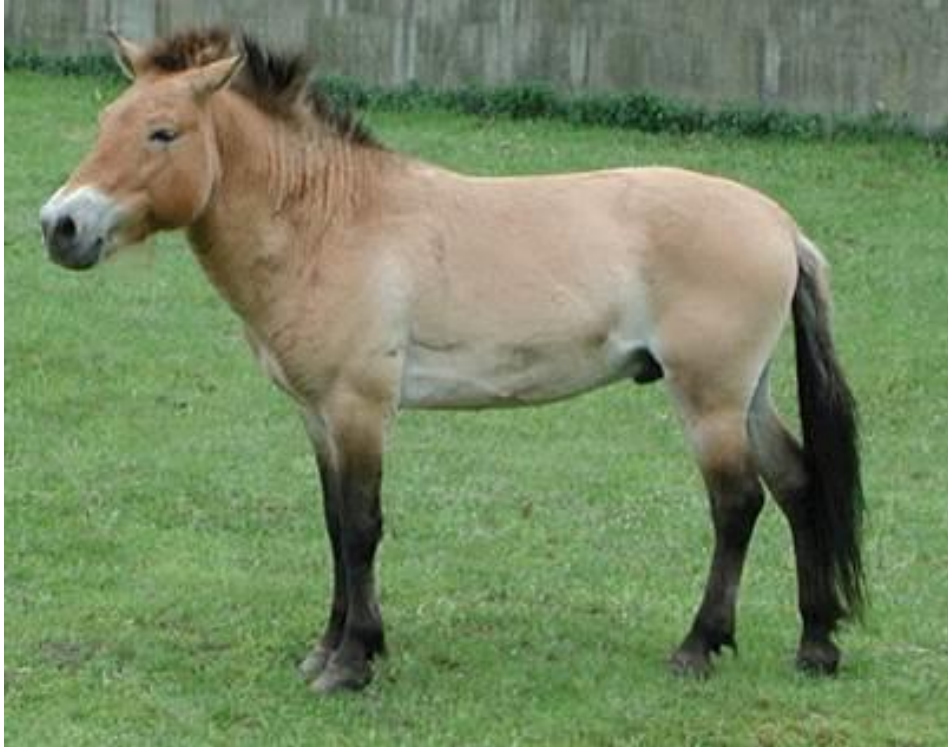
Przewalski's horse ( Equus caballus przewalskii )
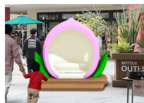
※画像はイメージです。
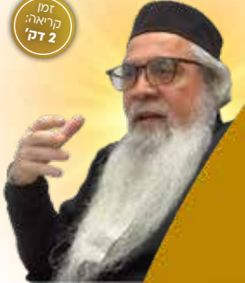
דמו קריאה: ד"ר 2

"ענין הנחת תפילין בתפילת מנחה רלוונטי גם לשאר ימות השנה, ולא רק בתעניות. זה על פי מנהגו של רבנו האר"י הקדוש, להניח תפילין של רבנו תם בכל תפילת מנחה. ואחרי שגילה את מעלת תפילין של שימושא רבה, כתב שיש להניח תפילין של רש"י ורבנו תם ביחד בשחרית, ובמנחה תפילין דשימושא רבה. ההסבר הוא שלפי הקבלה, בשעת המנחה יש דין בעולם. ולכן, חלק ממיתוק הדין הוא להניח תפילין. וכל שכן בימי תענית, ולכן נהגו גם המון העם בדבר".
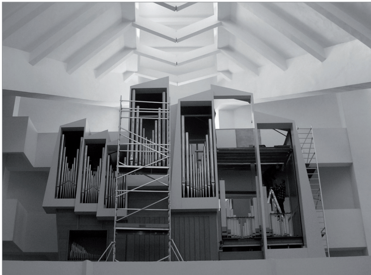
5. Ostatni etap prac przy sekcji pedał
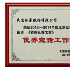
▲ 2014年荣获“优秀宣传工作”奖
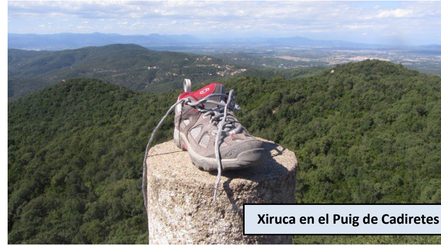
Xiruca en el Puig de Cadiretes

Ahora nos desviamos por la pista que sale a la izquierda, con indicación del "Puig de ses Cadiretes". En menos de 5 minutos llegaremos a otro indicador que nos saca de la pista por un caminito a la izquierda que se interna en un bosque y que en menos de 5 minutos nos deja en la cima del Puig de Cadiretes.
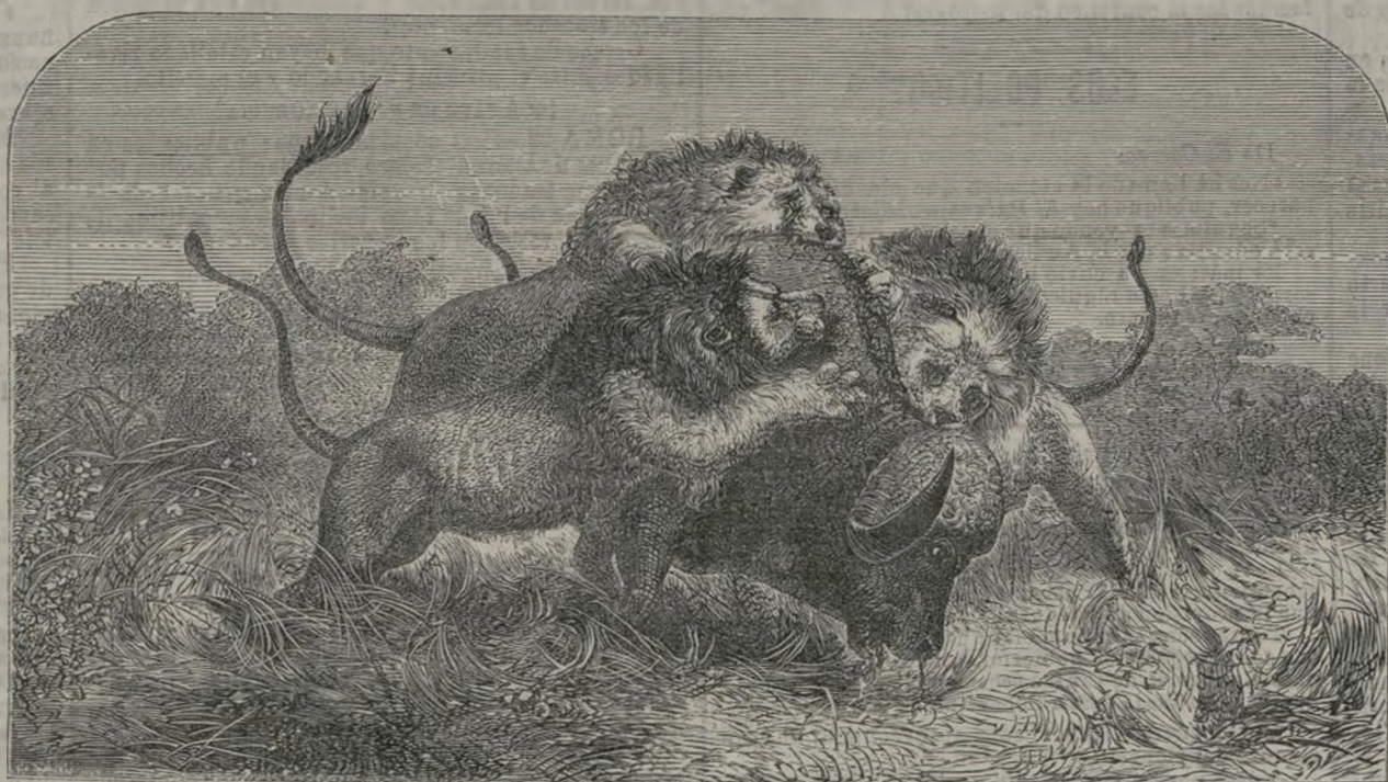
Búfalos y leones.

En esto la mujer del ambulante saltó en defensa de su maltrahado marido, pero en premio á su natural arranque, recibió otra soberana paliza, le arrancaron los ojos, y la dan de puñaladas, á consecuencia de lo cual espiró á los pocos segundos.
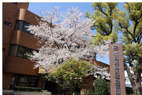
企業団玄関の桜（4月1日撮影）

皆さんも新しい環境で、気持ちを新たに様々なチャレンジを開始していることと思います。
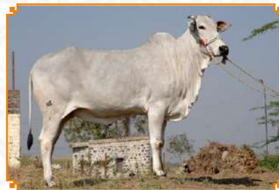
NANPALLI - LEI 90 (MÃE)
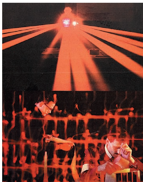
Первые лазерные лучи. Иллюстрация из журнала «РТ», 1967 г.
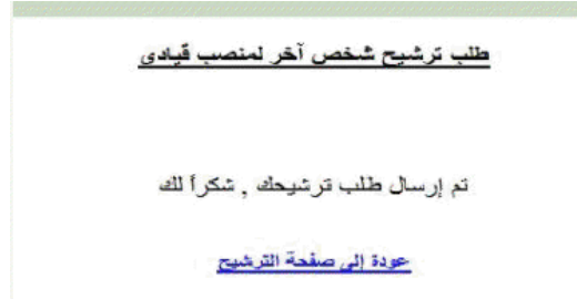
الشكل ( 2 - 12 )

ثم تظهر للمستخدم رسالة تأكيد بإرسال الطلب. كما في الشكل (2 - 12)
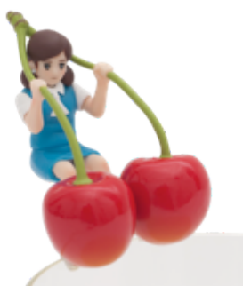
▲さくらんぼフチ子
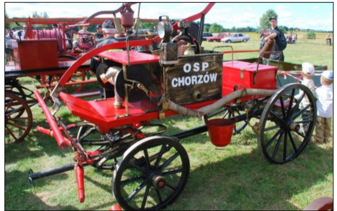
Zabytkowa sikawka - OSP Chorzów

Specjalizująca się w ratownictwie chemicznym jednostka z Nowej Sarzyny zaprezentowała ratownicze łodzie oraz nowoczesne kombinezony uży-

::::::::

- **WHAT TO PRODUCE**
The copy starts at the line holding "5. Ostatni etap prac przy sekcji pedał" and ends at the last line of the records above. Transcribe those lines exactly, pictures excluded.

- **ANSWER SPACE**
5. Ostatni etap prac przy sekcji pedał
▲ 2014年荣获“优秀宣传工作”奖
Xiruca en el Puig de Cadiretes

Ahora nos desviamos por la pista que sale a la izquierda, con indicación del "Puig de ses Cadiretes". En menos de 5 minutos llegaremos a otro indicador que nos saca de la pista por un caminito a la izquierda que se interna en un bosque y que en menos de 5 minutos nos deja en la cima del Puig de Cadiretes.
Búfalos y leones.

En esto la mujer del ambulante saltó en defensa de su maltrahado marido, pero en premio á su natural arranque, recibió otra soberana paliza, le arrancaron los ojos, y la dan de puñaladas, á consecuencia de lo cual espiró á los pocos segundos.
企業団玄関の桜（4月1日撮影）

皆さんも新しい環境で、気持ちを新たに様々なチャレンジを開始していることと思います。
NANPALLI - LEI 90 (MÃE)
Первые лазерные лучи. Иллюстрация из журнала «РТ», 1967 г.
الشكل ( 2 - 12 )

ثم تظهر للمستخدم رسالة تأكيد بإرسال الطلب. كما في الشكل (2 - 12)
▲さくらんぼフチ子
Zabytkowa sikawka - OSP Chorzów

Specjalizująca się w ratownictwie chemicznym jednostka z Nowej Sarzyny zaprezentowała ratownicze łodzie oraz nowoczesne kombinezony uży-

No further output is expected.